Герой оперного времени: Дмитрий Черняков - страница 20



Параллельно развивалась и новая история с Мариинским театром, Гергиев хотел поставить к 200-летию Михаила Глинки «Жизнь за царя». Это был период, когда Черняков просто боялся отказаться от столь заманчивых предложений, а согласившись, он становился заложником вечного гергиевского цейтнота. Позже он будет рассказывать, как кошмарно проходили репетиции, как последний прогон, он же первый с участием Гергиева, превратился в полное фиаско, когда уже никто на сцене не понимал, что им делать. Думаю, что в тот момент он задумался о прекращении всяких отношений с Мариинкой. То, что «Жизнь за царя» до сих пор раз в году показывают теперь уже на новой сцене театра, сегодня только создает плохую репутацию Чернякову.

В обоих спектаклях ему противостояли – именно противостояли – харизматичные дирижеры, которым хотелось, чтобы все обращали внимание только на них. Но зрители, конечно же, видели в этих спектаклях работу режиссера, настолько она была яркой и пронзительной. Пусть между историей борьбы с поляками в России XVII века и древним Египтом были тысячи лет и километров, режиссер рассказывал нам историю простого человека, раздавленного вневременной государственной машиной без национальной и политической окраски. Хотя, конечно, режим этот больше всего походил на наш, знакомый до боли советский строй. Не было противостояния поляков и русских, египтян и нубийцев. Была колоссальная система, клуб «слуг народа», которые развлекались на приемах в духе кремлевских вечеринок и разглядывали балетные дивертисменты с участием выпускниц хореографического училища и кремлевских курсантов.

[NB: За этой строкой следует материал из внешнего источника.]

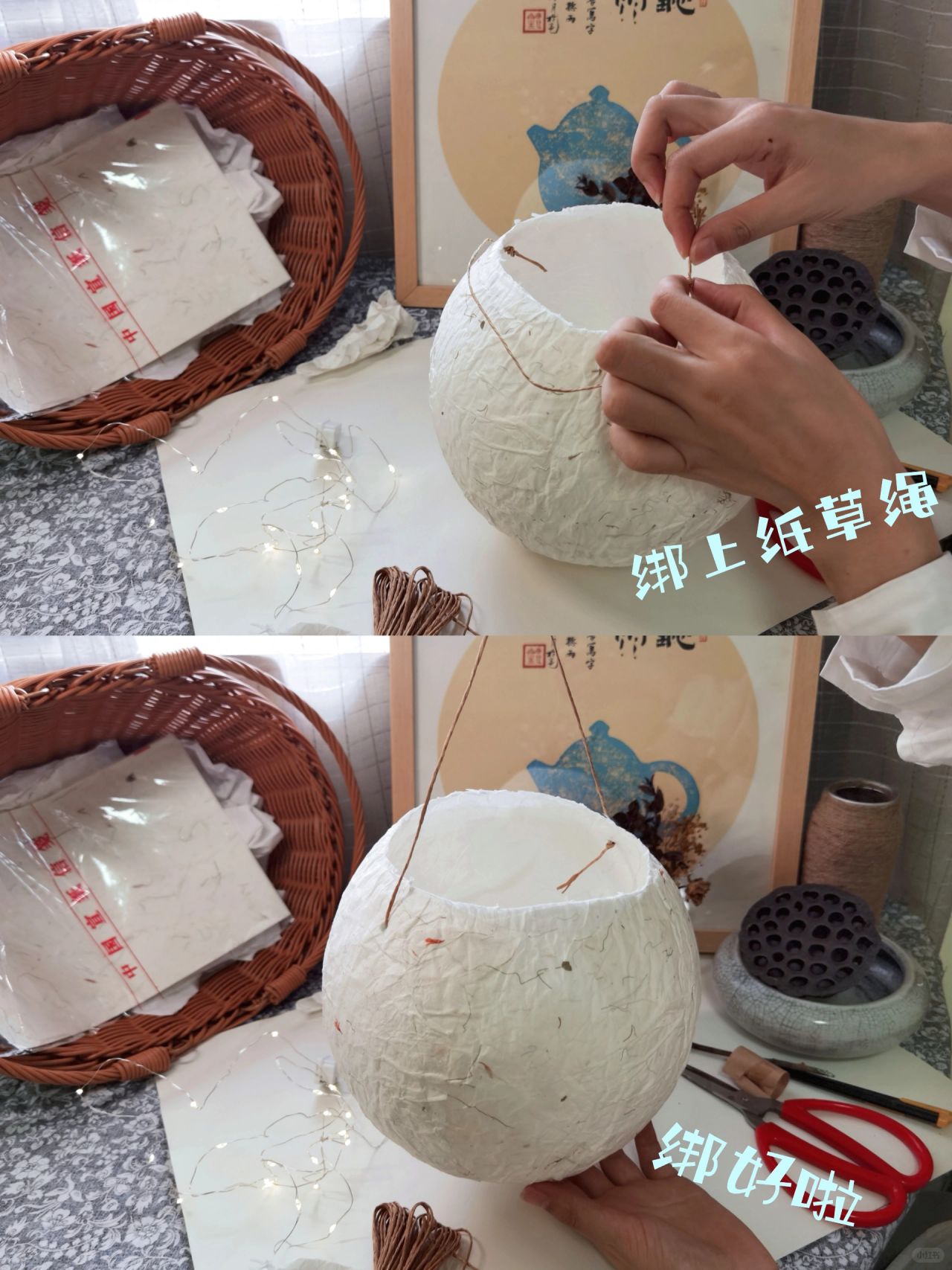 📝步骤 1⃣将气球吹到合适大小 2⃣在气球上用水刷上一层纸巾 3⃣水和白胶按2:1的比例混合,搅拌均匀 4⃣调好的胶水,刷5层纸巾 5⃣刷上花草纸 6⃣把气球倒置过来,放置到干透,(表面摸起来硬硬的,听到纸和气球分离的声音) 7⃣气球放气,修边,对称打上两个孔,装上纸草绳 8⃣放入灯珠,就完成啦
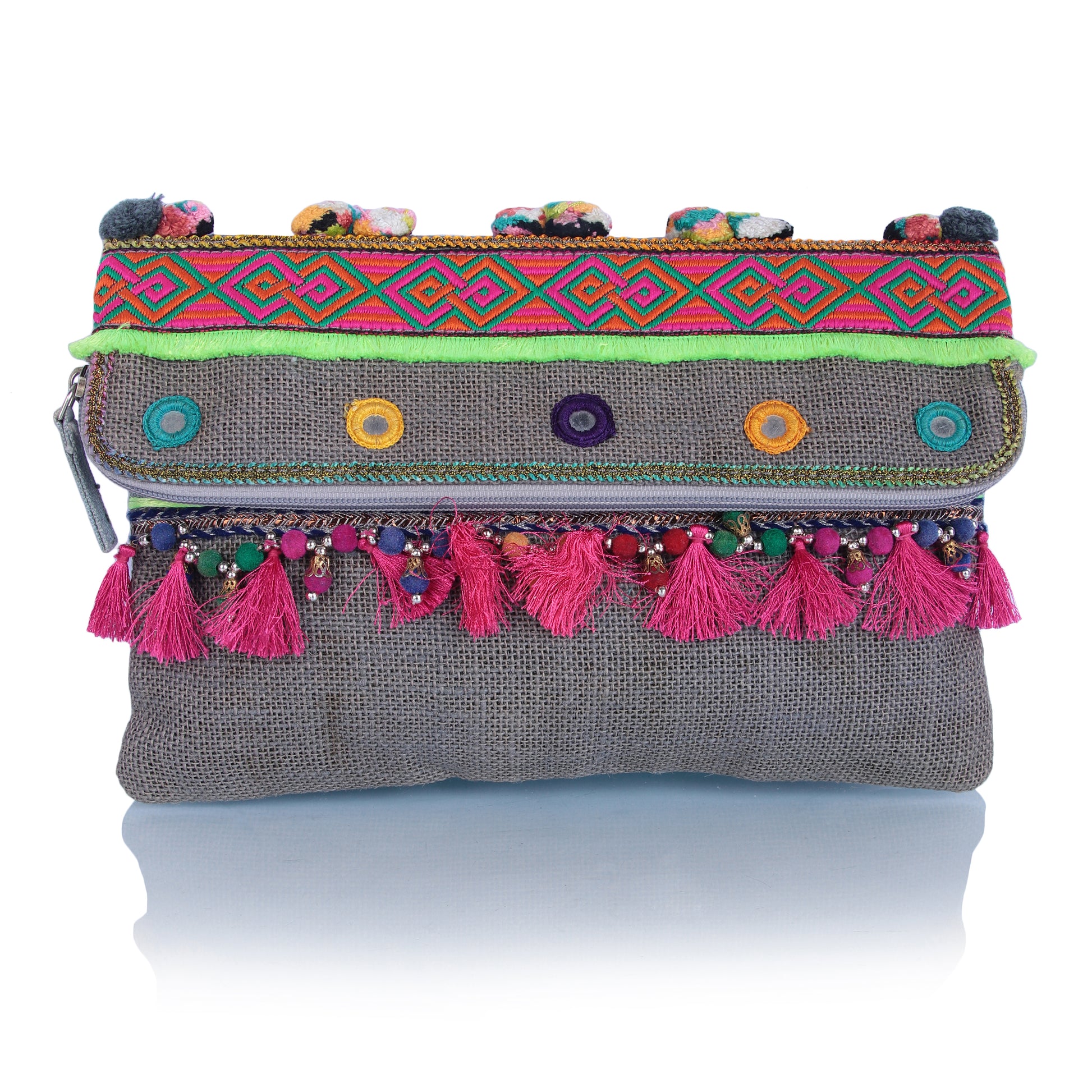 Embroidered bohemian clutch with zipper. Use it as a clutch or a wallet.

В «Жизни за царя» остро ощущалась тоска по семейному счастью, все Сусанины не тратили время на пустяки, а занимались ежедневным устройством быта: строгали доски, шили занавески, нарезали нехитрую снедь. Все это совмещалось с подробным крестьянским бытом, пантеизмом безыскусной человеческой жизни, которую символизировала фигура сохатого на сцене. Избушка Сусанина будет пристанищем и Собинину, вернувшему после бесцельных поисков тестя, и Ване, разбудившему посад. А когда Сусанин запоет свое «Чуют правду!», весь его монолог будет синхронно отражаться на лицах его домочадцев.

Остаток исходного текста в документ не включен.